Almost no one tries to explain innovation without reference to creativity. But the definition of “creativity” — something everyone needs and wants —  is often left unexamined, even as people presume it can be managed for “innovation”.
Creativity is intentional discovery, as distinguished from accidental discovery. It can be recognized when it’s there, and it can be cultivated so as to become a practice “in effect”.
A quick glossary of Creativity from an Innovation point of view:
  • The value of creativity is discovery.
  • The effect of creativity is invention.
  • The operation of creativity is experimentation.
  • The subject of creativity is structure.
  • The skill of creativity is composition.
Given those terms, there are still certain limitations on what creativity provides to innovation.
  • an invention may be new to its maker without being new to the world. It is possible that the same thing can get invented at multiple places or times, completely independently of each other.
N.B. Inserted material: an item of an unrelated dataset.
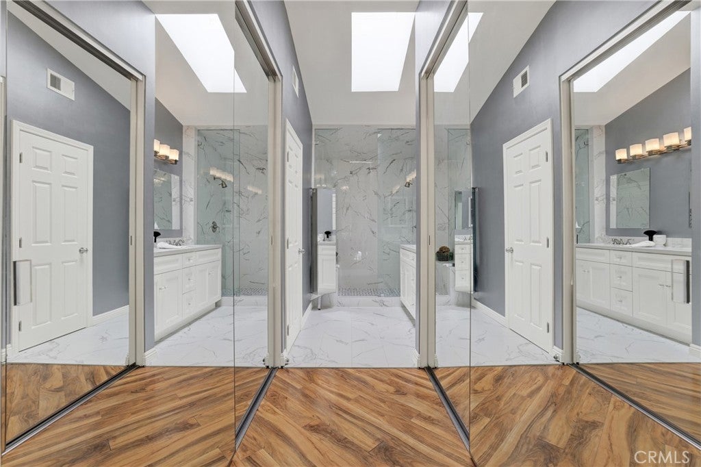 Nestled within the Windwards enclave of Aliso Viejo, 69 Conch Reef presents a rare opportunity to own a beautifully appointed residence. This desirable two-story corner home shares only one common wall and showcases thoughtful design, where high-quality materials and refined finishes create an atmosphere of modern European-inspired elegance. Upon entry, soaring ceilings and an abundance of windows fill the home with natural light, framing picturesque views of trees and colorful skies. The living room exudes sophistication, centered around a gas fireplace with a marble surround and dramatic vertical space. The kitchen is equally impressive, featuring sleek marble countertops, upgraded stainless steel appliances, and custom storage tailored for both function and style. Upstairs, the spacious primary suite offers carefully integrated built-ins for organized living. The ensuite bath is a true retreat, complete with dual floor-to-ceiling mirrored closets, marble finishes, and a beautifully remodeled walk-in shower. Located down the hall, the private secondary suite is enhanced with thoughtfully designed built-ins—including a discreetly integrated refrigerator—making it ideal as a guest room, office, or flexible living space. Blending contemporary European design with versatility, this exceptional home caters to a variety of lifestyles. Ideally situated in the sought-after community of Aliso Viejo, residents enjoy access to top-rated schools and close proximity to Laguna Beach, Newport Beach, John Wayne Airport, scenic wilderness parks, and a wide array of amenities.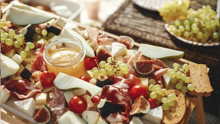 3. Just like Mom, you want some carbs (breads and crackers), meats (deli sliced), salty and savory (like nuts or chips), and briny (pickles and olives). Forget about making “salads. Lay out assorted veggies, guests will create for themselves. A combination of hard and soft cheeses, separated by clusters grapes, will offer a colorful finesse to “our “charcuterie feast”.

  • a discovery is not necessarily of a “new” thing. Things that have already been discovered may get independently discovered again through different means and/or by different parties, therefore also possibly at different places or times.
As a result, innovation is not based on the uniqueness of creativity. This may at first seem to make “management” more difficult, in terms of control. But the more important aspect is in terms of development —  noting that multiple wide ranging sources of creativity can be called upon to support a more singular innovative concept or outcome.